Finalmente, o autor convida à reflexão sobre valores ressaltando que o valor cultural não se
opõe ao valor econômico, mas que existe sim um duelo entre a lógica da cultura que trata
da produção do sentido e comunicação e a lógica de mercado que instrumentalizada a
cultura no sentido de obter lucro monetário.

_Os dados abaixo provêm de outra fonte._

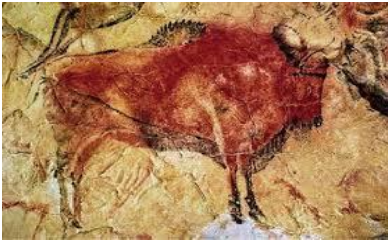
Slika 1. Pećinski crtež u Altamiri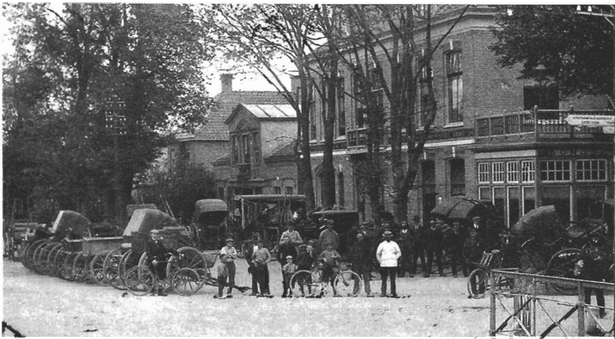
In Hoofddorp is het Marktplein het centrum van het dorp. Het was er altijd een gezellige drukte met veel mensen, paard en wagens, fietsers en in 1908 nog geen auto's. Deze briefkaart met Café De Beurs bevindt zich in de collectie prentbriefkaarten van de Provinciale atlas van Noord-Holland van het Noord-Hollands archief te Haarlem, nr 118.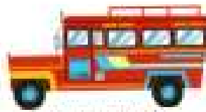
합승 택시 지프니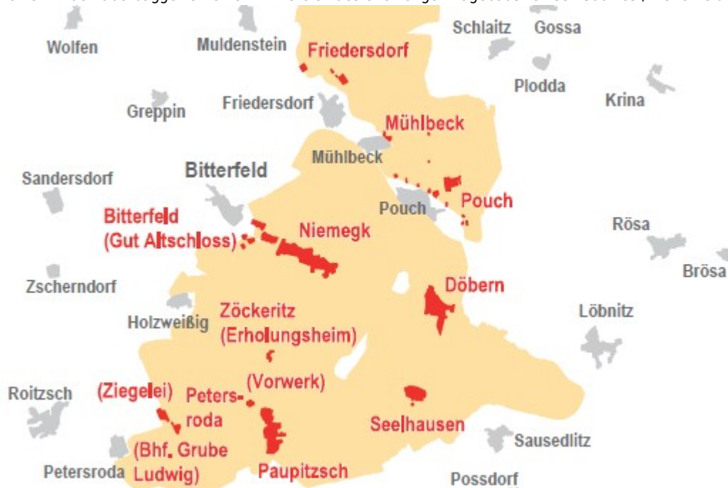
Karte mit den überbaggerten Orten im Bereich des ehemaligen Tagebaus Goitsche Impressionen von der Ausstellungseröffnung

O autor estabelece neste texto, 16 anos após a publicação de “Usos culturais da cultura”,
exemplo prático e recorrente passível de acontecer em qualquer destinação turística
independente da sua valorização junto ao mercado consumidor, seja ele qual for, e que nos
convida a uma reflexão sobre como acontece nossa própria fruição e valorização e como o
resultado de nossas escolhas nos situam na sociedade em que vivemos e ainda como essa
sociedade pode ser a representação conjunta das escolhas de cada indivíduo.

Conclusão

Não há um vínculo ou viés direto dos textos de Ulpiano com meu projeto de pesquisa, mas
há sim a percepção de que seus textos representam uma oportunidade de compreender a
construção de meus próprios valores culturais e ainda como minhas escolhas podem afetar e
alterar a percepção de outros indivíduos e estes, por sua vez, também influenciarem minhas
escolhas e valores.

Talvez a percepção de objetos, lugares e pessoas como por exemplo o professor que
representa não apenas o indivíduo transferidor de conhecimento, mas também de seus
próprios valores e escolhas, sejam exemplos óbvios de como moldamos nosso próprio
conhecimento e escolhas perante o mundo, porém, muitas vezes, o óbvio é muito difícil de
ser visualizado, inclusive neste caso, onde a junção de escolha e valoração de cada indivíduo
também nos define sobre quem somos como sociedade.